O Mundo em Transformacao
Os documentaristas americanos Steven Bognar e Julia Reichert captam, em Industria Americana (American factory; 2019), as transforma?cos sociais e economicas do universo do trabalho
Os documentaristas americanos Steven Bognar e Julia Reichert captam, em Indústria americana (American factory; 2019), o filme vencedor do Oscar de melhor documentário na edição de 2020, as transformações sociais e econômicas do universo do trabalho: cada vez mais a automação vai eliminando algumas profissões e os seres humanos precisam adaptar-se. O ponto inicial do olhar dos realizadores americanos foi o fechamento duma fábrica da General Motors em Ohio, na crise de 2008, dando em muitos americanos desempregados; então os chineses, com seu olho clínico-negocial, se valeram dos escombros dos cenários da GM para montar uma fábrica de vidros, misturando trabalhadores chineses e americanos. O choque cultural dá-se: sindicatos e legislação trabalhista atrapalham o sistema chinês, que nominalmente é dito comunista e no entanto é mais asperamente neoliberal que em qualquer lugar do mundo. O liberalismo americano não se casa muito bem com as formas econômicas austeras dos chineses, que parece ser algo adiante do neoliberalismo ocidental. Bognar e Reichert põem em choque complexo os universos do Oriente e do Ocidente, por assim dizer.

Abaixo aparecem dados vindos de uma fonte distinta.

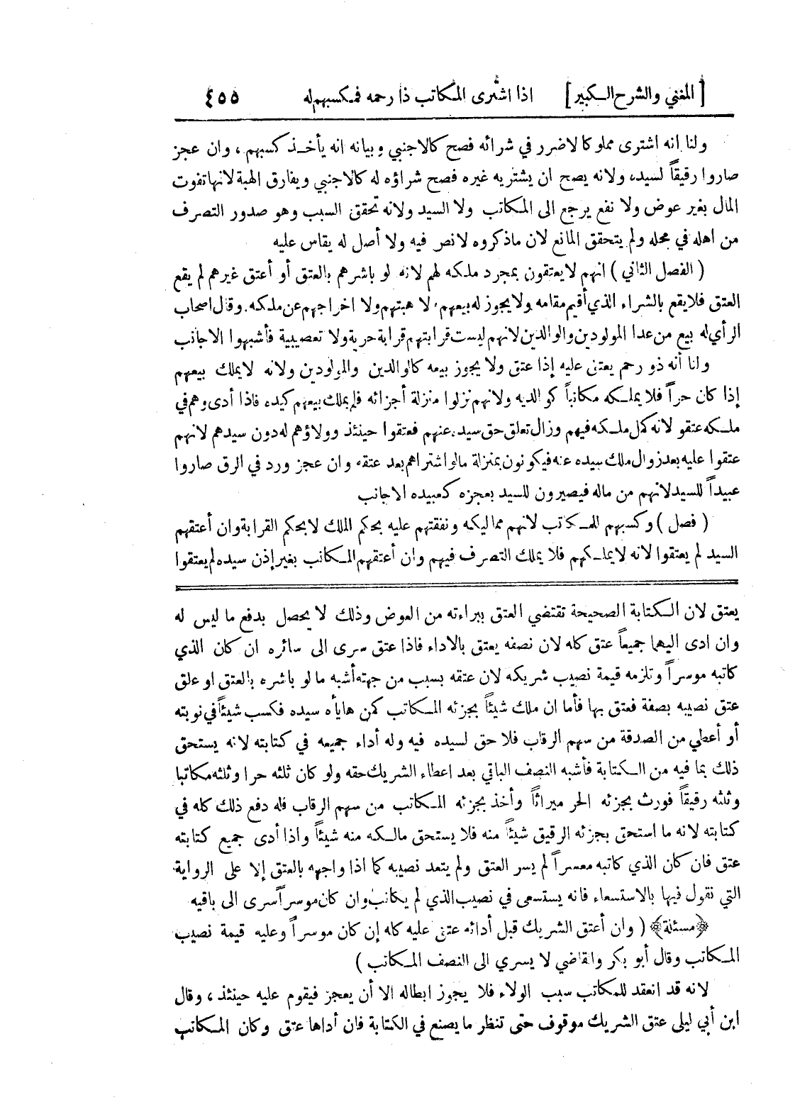 يعتق لأن الكتابة الصحيحة تقتضي العتق ببراءته من العوض وذلك لا يحصل بدفع ما ليس له وإن أدى إليهما جميعاً عتق كله لأن نصفه يعتق بالأداء فإذا عتق سرى إلى سائره ان كان الذي كاتبه موسراً وتلزمه قيمة نصيب شريكه لأن عتقه بسبب من جهته أشبه ما لو باشره بالعتق أو علق عتق نصيبه بصفة فعتق بها فأما إن ملك شيئاً بجزئه المكاتب كمن هايأه سيده فكسب شيئاً في نوبته أو أعطي من الصدقة من سهم الرقاب فلا حق لسيده فيه وله أداء جميعه في كتابته لأنه يستحق ذلك بما فيه من الكتابة فأشبه النصف الباقي بعد إعطاء الشريك حقه ولو كان ثلثه حراً وثلثه مكاتباً وثلثه رقيقاً فورث بجزئه الحر ميراثاً وأخذ بجزئه المكاتب من سهم الرقاب فله دفع ذلك كله في كتابته لأنه ما استحق بجزئه الرقيق شيئاً منه فلا يستحق مالكه منه شيئاً وإذا أدى جميع كتابته عتق فإن كان الذي كاتبه معسراً لم يسر العتق ولم يتعد نصيبه كما إذا واجهه بالعتق إلا على الرواية التي نقول فيها بالاستسعاء فإنه يستسعى في نصيب الذي لم يكاتب وإن كان موسراً سرى إلى باقيه (مسألة) (وإن أعتق الشريك قبل أدائه عتق عليه كله إن كان موسراً وعليه قيمة نصيب المكاتب وقال أبو بكر والقاضي لا يسري إلى النصف المكاتب) لأنه قد انعقد للمكاتب سبب الولاء فلا يجوز ابطاله إلا أن يعجز فيقوم عليه حينئذ، وقال ابن أبي ليلى عتق الشريك موقوف حتى تنظر ما يصنع في الكتابة فإن أداها عتق وكان المكاتب

O filme fora exibido num festival de cinema; dois executivos da High Ground Productions, empresa do casal Barack e Michelle Obama, estavam presentes no festival e acertaram os direitos de produção final, divulgação e distribuição do filme, juntamente com a Netflix, que é o canal onde atualmente se pode ver Indústria americana.
Quem assistiu, há alguns anos, em salas alternativas no Brasil, à obra-prima A oeste dos trilhos (2003), do chinês Wang Bing, que também era um documentário, vai descobrir que a visão oriental da submissão trabalhista chinesa tem um lamento que escapa à visão americana, os americanos pintam o trabalhador chinês um pouco como um robô, contrapondo-o ao trabalhador americano como um operário mais rebelde. O conflito da visão americana de Indústria americana sobre um acontecimento sino-americano (trabalhadores chineses e americanos no mesmo espaço) se insere nos próprios conflitos temáticos da realização, enriquecendo a visão que se possa ter da grandeza e dos limites do documentário em exibição na Netflix.
Depois de longo contemplar sobre os paradoxos culturais sino-americanos, Indústria americana aponta, em seus letreiros finais, para seu verdadeiro assunto: as transformações do trabalho humano. Algo que sempre ocorreu na história da humanidade: mas nunca deixa de renovar seus sustos e percalços.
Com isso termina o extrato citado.